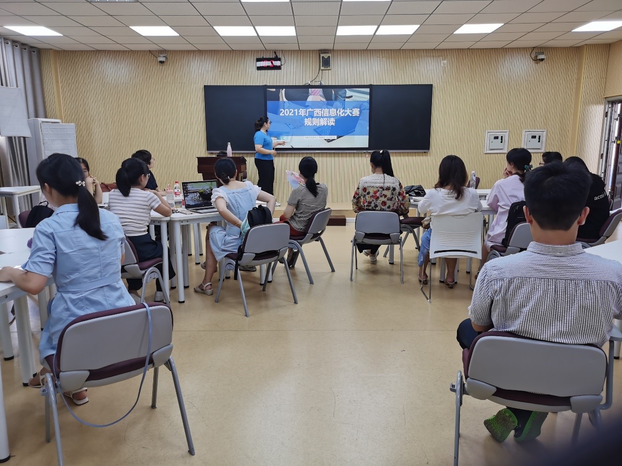为给beats365(中国区)-唯一官方网站参加“2021年第二十届广西高校教育教学信息化大赛”的老师们全面熟悉和理解大赛规则,7月13日上午在屏风校区9502,beats365(中国区)-唯一官方网站组织开展2021年广西信息化大赛规则解读培训会,此次培训会邀请到网络与信息中心的陶雁羽老师进行现场讲解和答疑,参加本次培训会的有beats365(中国区)-唯一官方网站参赛的7位教师及感兴趣的教师,同时还吸引了外国语学院、土木与建筑工程学院、商学院和旅游与风景园林学院等10多位教师参加,会议由院长助理聂瑾芳主持。
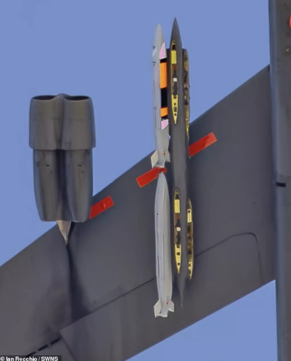 这架轰炸机带有典型的橙色测试标记,机翼上悬挂的两枚武器与外界流传的AGM-181A渲染图高度相似。
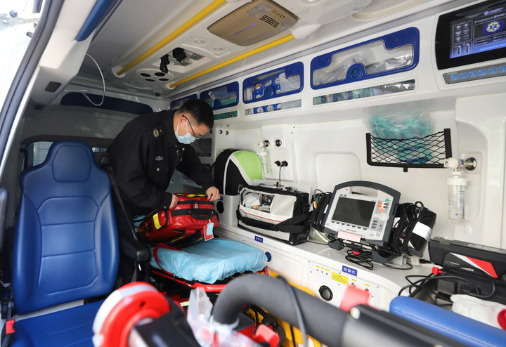 急救醫(yī)師曹鑫在出發(fā)前檢查整理救護(hù)車急救藥品和裝備。新華社記者 方喆 攝

§ What is needed: Leaving the pictures out, give back each line above exactly.

§ Task result:
为给beats365(中国区)-唯一官方网站参加“2021年第二十届广西高校教育教学信息化大赛”的老师们全面熟悉和理解大赛规则,7月13日上午在屏风校区9502,beats365(中国区)-唯一官方网站组织开展2021年广西信息化大赛规则解读培训会,此次培训会邀请到网络与信息中心的陶雁羽老师进行现场讲解和答疑,参加本次培训会的有beats365(中国区)-唯一官方网站参赛的7位教师及感兴趣的教师,同时还吸引了外国语学院、土木与建筑工程学院、商学院和旅游与风景园林学院等10多位教师参加,会议由院长助理聂瑾芳主持。
 这架轰炸机带有典型的橙色测试标记,机翼上悬挂的两枚武器与外界流传的AGM-181A渲染图高度相似。
 急救醫(yī)師曹鑫在出發(fā)前檢查整理救護(hù)車急救藥品和裝備。新華社記者 方喆 攝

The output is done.